Stored dataset items
_ _ _ _ _ _ _

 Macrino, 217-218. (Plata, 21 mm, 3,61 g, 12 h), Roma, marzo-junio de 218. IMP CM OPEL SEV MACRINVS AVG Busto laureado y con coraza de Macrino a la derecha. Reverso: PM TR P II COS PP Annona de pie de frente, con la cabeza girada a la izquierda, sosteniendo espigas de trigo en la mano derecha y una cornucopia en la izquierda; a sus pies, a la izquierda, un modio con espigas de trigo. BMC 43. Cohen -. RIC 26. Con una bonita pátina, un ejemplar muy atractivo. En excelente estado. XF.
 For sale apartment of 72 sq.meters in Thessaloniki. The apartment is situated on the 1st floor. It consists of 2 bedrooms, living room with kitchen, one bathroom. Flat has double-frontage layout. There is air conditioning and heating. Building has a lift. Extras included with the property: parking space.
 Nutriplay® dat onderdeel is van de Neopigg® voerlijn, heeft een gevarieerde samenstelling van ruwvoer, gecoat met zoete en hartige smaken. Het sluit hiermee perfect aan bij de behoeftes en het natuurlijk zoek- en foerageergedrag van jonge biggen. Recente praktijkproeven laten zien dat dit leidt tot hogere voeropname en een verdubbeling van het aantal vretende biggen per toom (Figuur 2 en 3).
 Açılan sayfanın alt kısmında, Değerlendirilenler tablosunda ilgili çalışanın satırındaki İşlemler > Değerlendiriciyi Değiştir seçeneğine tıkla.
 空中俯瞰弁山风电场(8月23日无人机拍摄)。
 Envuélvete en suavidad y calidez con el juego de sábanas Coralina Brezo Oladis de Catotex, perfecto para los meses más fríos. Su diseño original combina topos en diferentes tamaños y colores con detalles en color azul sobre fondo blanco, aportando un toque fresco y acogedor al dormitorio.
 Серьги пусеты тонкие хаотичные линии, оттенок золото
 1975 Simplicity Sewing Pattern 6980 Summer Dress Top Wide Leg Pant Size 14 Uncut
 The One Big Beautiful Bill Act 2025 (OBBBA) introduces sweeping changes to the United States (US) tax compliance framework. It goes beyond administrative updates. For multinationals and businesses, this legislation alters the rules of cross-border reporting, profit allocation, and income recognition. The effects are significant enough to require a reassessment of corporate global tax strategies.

_ _ _ _ _ _ _

Could you output exactly the lines from the one containing "Envuélvete en suavidad" to the end of the entries above, both included, and no others?

 Envuélvete en suavidad y calidez con el juego de sábanas Coralina Brezo Oladis de Catotex, perfecto para los meses más fríos. Su diseño original combina topos en diferentes tamaños y colores con detalles en color azul sobre fondo blanco, aportando un toque fresco y acogedor al dormitorio.
 Серьги пусеты тонкие хаотичные линии, оттенок золото
 1975 Simplicity Sewing Pattern 6980 Summer Dress Top Wide Leg Pant Size 14 Uncut
 The One Big Beautiful Bill Act 2025 (OBBBA) introduces sweeping changes to the United States (US) tax compliance framework. It goes beyond administrative updates. For multinationals and businesses, this legislation alters the rules of cross-border reporting, profit allocation, and income recognition. The effects are significant enough to require a reassessment of corporate global tax strategies.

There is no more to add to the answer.